Each line below must be printed exactly as it stands.

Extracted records
____
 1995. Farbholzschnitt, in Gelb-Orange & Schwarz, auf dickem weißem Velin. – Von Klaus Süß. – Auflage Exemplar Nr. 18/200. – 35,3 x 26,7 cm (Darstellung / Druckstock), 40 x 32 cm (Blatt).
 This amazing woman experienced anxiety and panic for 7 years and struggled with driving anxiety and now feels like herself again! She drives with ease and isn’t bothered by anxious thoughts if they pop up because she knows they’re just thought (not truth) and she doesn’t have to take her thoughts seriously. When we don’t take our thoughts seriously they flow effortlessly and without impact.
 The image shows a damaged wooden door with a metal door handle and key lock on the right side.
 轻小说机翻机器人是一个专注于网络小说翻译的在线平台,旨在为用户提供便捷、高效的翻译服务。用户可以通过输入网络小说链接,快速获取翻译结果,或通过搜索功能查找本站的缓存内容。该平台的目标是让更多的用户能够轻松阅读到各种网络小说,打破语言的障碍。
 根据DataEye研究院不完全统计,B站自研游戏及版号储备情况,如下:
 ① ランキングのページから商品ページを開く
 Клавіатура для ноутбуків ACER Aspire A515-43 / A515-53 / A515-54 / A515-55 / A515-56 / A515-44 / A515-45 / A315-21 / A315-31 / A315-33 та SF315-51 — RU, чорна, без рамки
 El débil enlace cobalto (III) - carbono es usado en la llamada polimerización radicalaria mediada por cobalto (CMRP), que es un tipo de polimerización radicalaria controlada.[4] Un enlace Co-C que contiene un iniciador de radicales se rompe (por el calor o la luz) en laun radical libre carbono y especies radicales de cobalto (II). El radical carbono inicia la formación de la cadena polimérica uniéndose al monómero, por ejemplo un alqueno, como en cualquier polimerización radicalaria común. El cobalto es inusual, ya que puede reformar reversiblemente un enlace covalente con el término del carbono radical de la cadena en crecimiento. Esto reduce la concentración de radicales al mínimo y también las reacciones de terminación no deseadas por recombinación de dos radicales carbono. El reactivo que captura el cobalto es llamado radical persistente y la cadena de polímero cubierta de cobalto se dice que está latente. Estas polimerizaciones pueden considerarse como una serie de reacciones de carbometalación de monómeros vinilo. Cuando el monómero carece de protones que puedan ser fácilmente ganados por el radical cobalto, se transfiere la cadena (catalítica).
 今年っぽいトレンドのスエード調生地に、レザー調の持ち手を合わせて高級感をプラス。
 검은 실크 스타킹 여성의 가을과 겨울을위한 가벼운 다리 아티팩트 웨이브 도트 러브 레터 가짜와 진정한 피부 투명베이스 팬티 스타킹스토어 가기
____
> [Reply to the task]:
 1995. Farbholzschnitt, in Gelb-Orange & Schwarz, auf dickem weißem Velin. – Von Klaus Süß. – Auflage Exemplar Nr. 18/200. – 35,3 x 26,7 cm (Darstellung / Druckstock), 40 x 32 cm (Blatt).
 This amazing woman experienced anxiety and panic for 7 years and struggled with driving anxiety and now feels like herself again! She drives with ease and isn’t bothered by anxious thoughts if they pop up because she knows they’re just thought (not truth) and she doesn’t have to take her thoughts seriously. When we don’t take our thoughts seriously they flow effortlessly and without impact.
 The image shows a damaged wooden door with a metal door handle and key lock on the right side.
 轻小说机翻机器人是一个专注于网络小说翻译的在线平台,旨在为用户提供便捷、高效的翻译服务。用户可以通过输入网络小说链接,快速获取翻译结果,或通过搜索功能查找本站的缓存内容。该平台的目标是让更多的用户能够轻松阅读到各种网络小说,打破语言的障碍。
 根据DataEye研究院不完全统计,B站自研游戏及版号储备情况,如下:
 ① ランキングのページから商品ページを開く
 Клавіатура для ноутбуків ACER Aspire A515-43 / A515-53 / A515-54 / A515-55 / A515-56 / A515-44 / A515-45 / A315-21 / A315-31 / A315-33 та SF315-51 — RU, чорна, без рамки
 El débil enlace cobalto (III) - carbono es usado en la llamada polimerización radicalaria mediada por cobalto (CMRP), que es un tipo de polimerización radicalaria controlada.[4] Un enlace Co-C que contiene un iniciador de radicales se rompe (por el calor o la luz) en laun radical libre carbono y especies radicales de cobalto (II). El radical carbono inicia la formación de la cadena polimérica uniéndose al monómero, por ejemplo un alqueno, como en cualquier polimerización radicalaria común. El cobalto es inusual, ya que puede reformar reversiblemente un enlace covalente con el término del carbono radical de la cadena en crecimiento. Esto reduce la concentración de radicales al mínimo y también las reacciones de terminación no deseadas por recombinación de dos radicales carbono. El reactivo que captura el cobalto es llamado radical persistente y la cadena de polímero cubierta de cobalto se dice que está latente. Estas polimerizaciones pueden considerarse como una serie de reacciones de carbometalación de monómeros vinilo. Cuando el monómero carece de protones que puedan ser fácilmente ganados por el radical cobalto, se transfiere la cadena (catalítica).
 今年っぽいトレンドのスエード調生地に、レザー調の持ち手を合わせて高級感をプラス。
 검은 실크 스타킹 여성의 가을과 겨울을위한 가벼운 다리 아티팩트 웨이브 도트 러브 레터 가짜와 진정한 피부 투명베이스 팬티 스타킹스토어 가기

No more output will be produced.